Assignment: Return exactly the lines of the records below, starting at the line that contains "Εικ. 1. Το Όραμα" and ending at the line that contains "Στην τοιχογραφία του", with both of those lines kept.

Data provided:
************

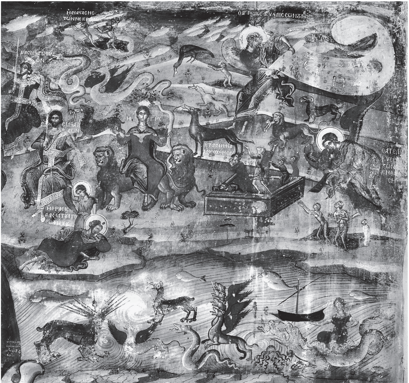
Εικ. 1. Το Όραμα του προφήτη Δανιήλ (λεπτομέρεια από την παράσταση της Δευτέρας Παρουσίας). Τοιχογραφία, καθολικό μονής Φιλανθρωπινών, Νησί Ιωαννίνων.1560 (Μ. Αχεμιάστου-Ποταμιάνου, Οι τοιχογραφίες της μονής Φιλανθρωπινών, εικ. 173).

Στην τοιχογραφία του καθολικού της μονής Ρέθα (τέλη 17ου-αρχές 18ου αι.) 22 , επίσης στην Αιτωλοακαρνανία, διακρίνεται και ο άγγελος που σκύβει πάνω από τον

************

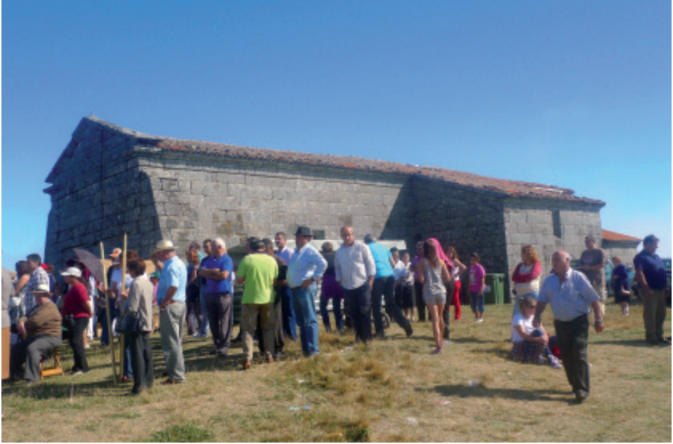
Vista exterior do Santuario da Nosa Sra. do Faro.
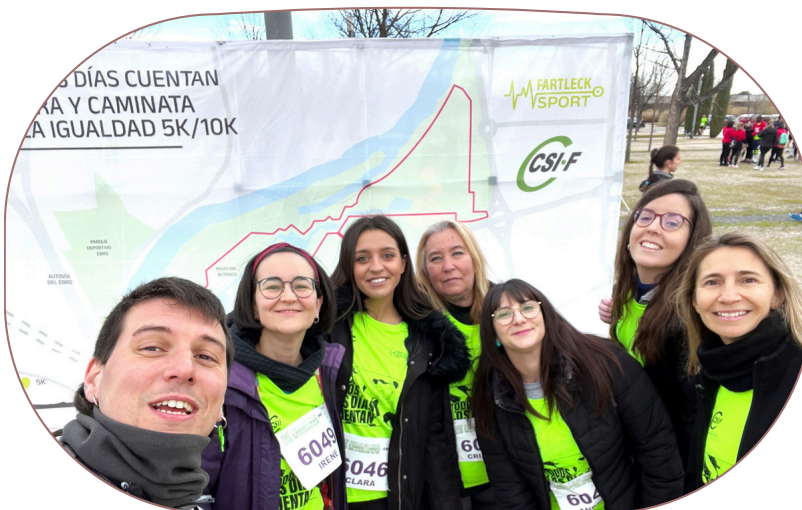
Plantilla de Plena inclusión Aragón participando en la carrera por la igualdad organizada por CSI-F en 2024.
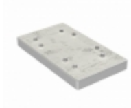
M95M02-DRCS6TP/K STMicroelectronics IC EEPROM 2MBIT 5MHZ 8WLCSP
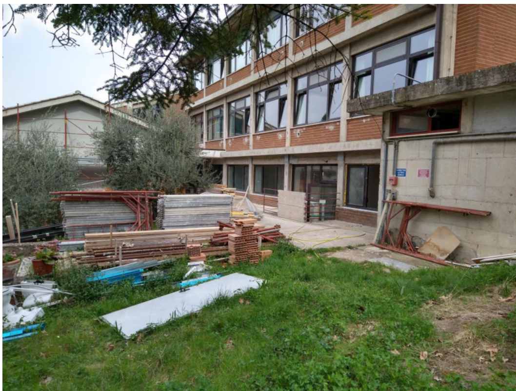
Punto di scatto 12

************

Response area:
Εικ. 1. Το Όραμα του προφήτη Δανιήλ (λεπτομέρεια από την παράσταση της Δευτέρας Παρουσίας). Τοιχογραφία, καθολικό μονής Φιλανθρωπινών, Νησί Ιωαννίνων.1560 (Μ. Αχεμιάστου-Ποταμιάνου, Οι τοιχογραφίες της μονής Φιλανθρωπινών, εικ. 173).

Στην τοιχογραφία του καθολικού της μονής Ρέθα (τέλη 17ου-αρχές 18ου αι.) 22 , επίσης στην Αιτωλοακαρνανία, διακρίνεται και ο άγγελος που σκύβει πάνω από τον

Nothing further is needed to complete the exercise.